Data from Table 4 and Figs. 2, 3 and 4 clearly demonstrate that the instrumental (Readsensor®) measurement of the Bee4sensor® multiplex test is capable of detecting sulfathiazole and tylosin at or below a concentration of one half of the EU recommended concentrations [5], i.e. 25 and 10 μg kg−1, respectively. In addition, ciprofloxacin could be reliably detected at 25 μg kg−1. Furthermore, data previously obtained within our laboratory demonstrated that the method is also capable of detecting a wide range of sulfonamides (n = 10) and fluoroquinolones (n = 7) at similar concentrations (data not shown) to the ‘representative analytes’ that were selected for use in this inter-laboratory validation exercise. Unfortunately, the Bee4sensor® kit was not sufficiently sensitive to detect chloramphenicol at the EU MRPL of 0.3 μg kg−1 [4]. The method did, however, reliably detect this analyte at 5 μg kg−1 and would therefore be a valuable tool to give an early warning of honey containing higher concentrations. The detection of higher concentrations of chloramphenicol may be of more use to the honey industry when testing individual hives or smaller lots rather than a blended bulk product, as it is well known that high residue concentrations (between 200 and 20,000 μg kg−1) can be found in honey taken directly from the hive for over 100 days after dosing [15]. It may also be of use to enforcement authorities in times of emergency when many samples need to be tested within a short timescale. In this case, the multi-sensor could be used to quickly identify honeys containing the highest concentration of this banned antimicrobial, before subjecting any suspect (or ‘screen positive’) sample to confirmatory analysis by LC-MS/MS [11].

Conclusions

The results produced by the dipstick, determined by visual observation or instrumental measurement of the four test lines versus the control line, were comparable.

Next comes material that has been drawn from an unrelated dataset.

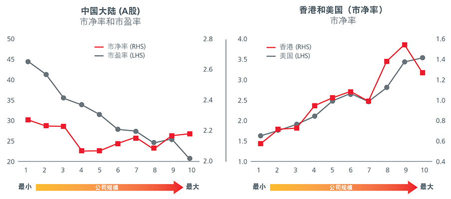 好消息是,尽管近年来表现强势,中国的A股大盘股较之小盘股(参见图4a)还属于低估值定价。这与香港和美国形成对照,他们的大盘股溢价交易(见图表4b)。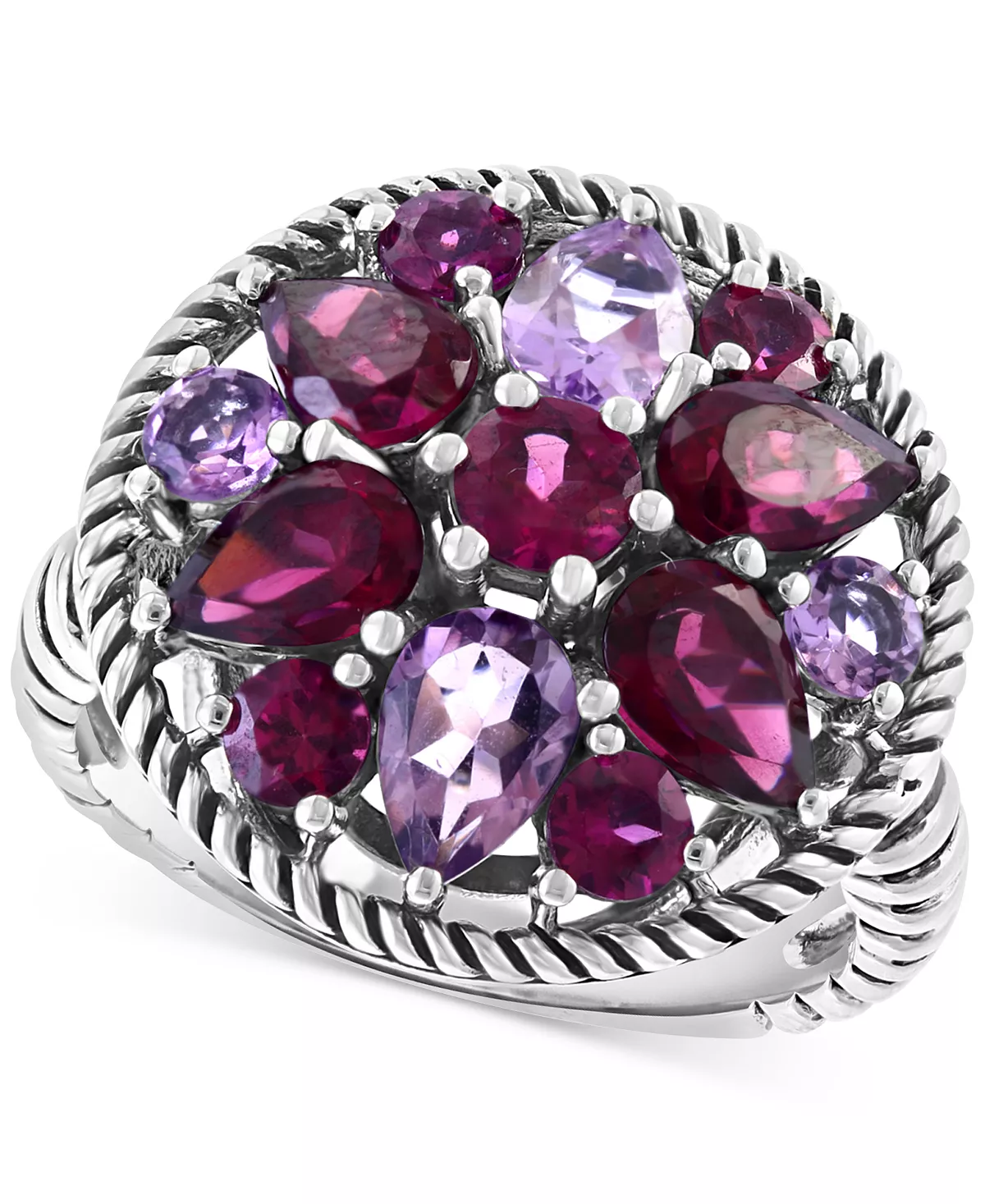 Let your style shine with the bold violet hues of this amethyst and rhodolite cluster statement ring from EFFY®.

The programmed set of ratios, to enable objective interpretation of the colour intensity with the software method, was deemed suitable to generate consistent Readsensor® results. The chosen critical values/threshold ratios were confirmed by the statistical evaluation of the data obtained from the analysis of blind samples at 0, 50 and 100 % of the EU recommended concentrations [5]. The inter-laboratory validation of the multi-sensor, with seven European laboratories, therefore demonstrated that the Bee4sensor® kit is both robust and capable of meeting the target concentrations set within the EU for sulfonamides (sulfathiazole), fluoroquinolones (ciprofloxacin) and tylosin. The method is also suitable for detecting chloramphenicol in honey at concentrations ≥5 μg kg−1.